Dziś byłam z mężem i młodszym na rowerach (starsze na kolonii), po drodze parki, place zabaw, restauracja. Jest sierpień, dzień wolny od pracy, wszędzie pełno rodzin i towarzyskich spotkań kobiet z dziećmi (pikniki na kocykach). A raczej bełkot na trawie!
Bo to trajkot nieustający! W kółko wałkowanie tematów okołodziecięcych: kupa, zupa, ząb pierwszy, drugi i dziesiąty, które czyje co robi i jak wspaniale to robi, jak się zachowuje i co czuje wraz z diagnozą potrzeb i możliwości (portret psychologiczny na poczekaniu), że mąż nawet raz upiekł ciasto i w ogóle wspaniale "pomaga" przy dzieciach, że dziś krem z warzyw i dzieci tak chętnie jedzą, że wczoraj małe nie spało, bo kawy się opiła, a nie powinna; że dzieci chodzą na zajęcia umuzykalniające, od pierwszego kroczku, tak słodko się ślinią i mają ciuszki z Zary.

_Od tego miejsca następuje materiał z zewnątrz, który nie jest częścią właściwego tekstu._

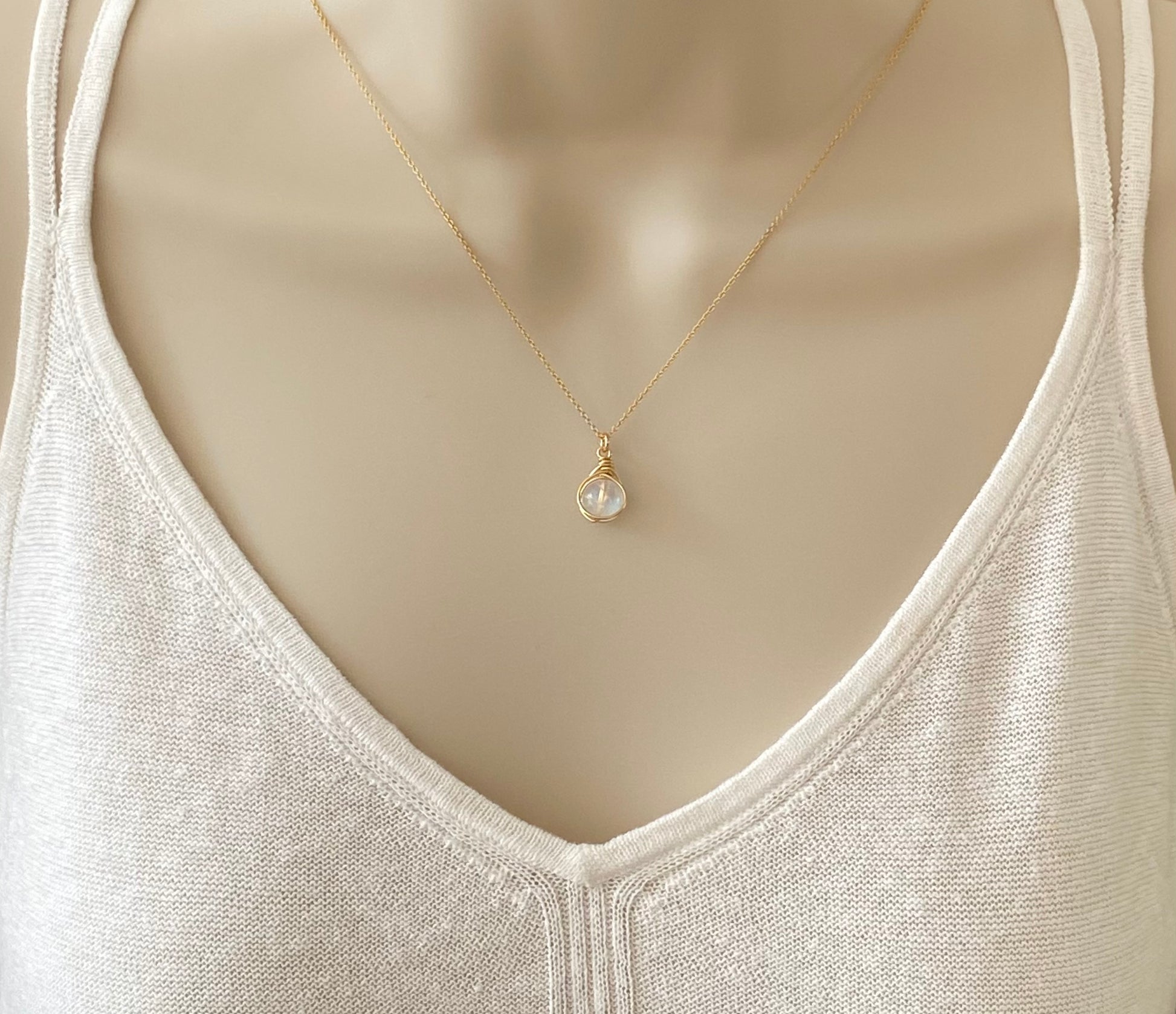 14K gold filled chain. Natural blue flash moonstone. Suitable for sensitive skin.

Mam wrażenie, że zajob związany ze standardami życia rodzinnego osiąga wyżyny. Chcemy mieć takie wspaniałe i udane życie rodzinne, że pochłania to wszystkie siły, trzeba być w temacie, wiedzieć jak najwięcej, żyć rodzicielstwem bliskości i niczym więcej.
Mam taki przesyt spraw okołodomowych, że jak wychodzę do znajomych, albo robimy wycieczki rodzinne, robimy wszystko, żeby od codziennej prozy odetchnąć, pogadać o wszystkim innym... Jest tyle ciekawych tematów do poruszenia, opinii wzbogacających i poruszających przytłoczony dniem świstaka umysł. Jest? A może nie ma?

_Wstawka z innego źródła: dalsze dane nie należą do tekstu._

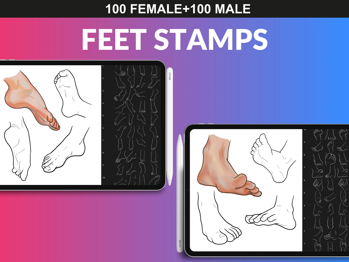 - 200 Female & Male Feet Brush Set & PNG Files

Rozumiem, że życie domowe, dzieciaki - to pochłania, ale żeby w 120% i świat poza nie istniał? Czy nie po to spotykamy się z innymi, aby oderwać się od spraw, od których zazwyczaj oderwać się nie możemy? Nie lubię takich spotkań i męczą mnie, gdzie się mieli w kółko o dzieciach, porównuje je i „filozofuje” co jest bardziej prawidłowe i bardziej im przydatne, które lepsze i które bardziej; gdzie monotematycznie obgaduje się swoich partnerów i narzeka, albo nie narzeka, a wręcz idealizuje. Tak sobie myślę, że w tym względzie jestem socjopatką.

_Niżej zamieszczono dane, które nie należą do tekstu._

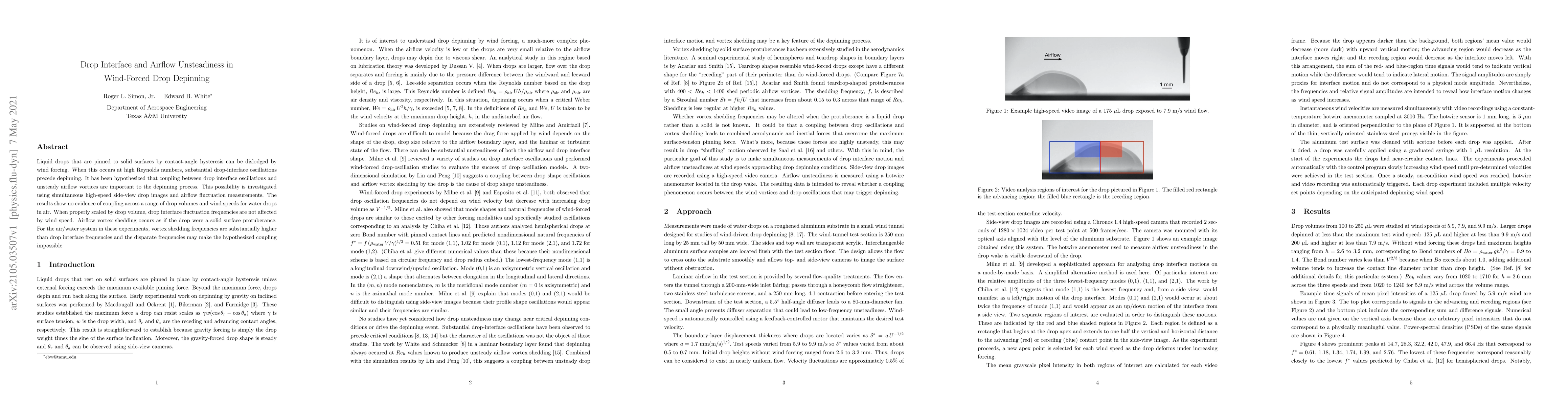 This study investigates the depinning of wind-forced liquid drops, finding no evidence of coupling between drop interface oscillations and unsteady airflow vortices. Vortex shedding frequencies are much higher than drop interface frequencies, suggesting the hypothesized coupling is unlikely.

Moja mama opowiadała mi, że 30 parę lat temu, kiedy udało jej wystać całą noc pod sklepem i dostać rano kurczaka, kiedy zrobiła już pranie we Frani z osobnym odwirowaniem i kiedy zrobiła obiad wcale nie z półproduktów, chwila wytchnienia z koleżanką to był raj. Kawka i papierosek, koc przy domu. Pamiętam to. Nie miałyśmy do nich wstępu, bawiliśmy się w pobliżu, ale żadne nie było przyklejone, nie lataliśmy co sekundę z okrzykiem: mama, mama! Dzieciaki były najczęściej w swoim gronie, całymi dniami biegając po podwórkach, odkrywając swoją dziecięcą kreatywność.  Dorośli mieli swój czas. Nie był to czas poświęcony na gadanie o rozwoju dzieci, ich emocjach, potrzebach, możliwościach. Wtedy po prostu nie było takich standardów. Nie było idealnych stylów wychowywania. Nieustannego koncentrowania się na dzieciach i dogadzaniu im. Przede wszystkim nie było ideału szczęścia! Rodziny perfekcyjnej! Wtedy nikt nie myślał o ideałach. Wtedy szczęście było przedmiotem akademickich rozważań filozofów i opasłych rozpraw naukowych, a dziś każdy konował wpycha ci swój poradnik, jak być idealnym rodzicem i osiągnąć absolutne szczęście.

Dziś nie masz wyjścia – musisz być idealny.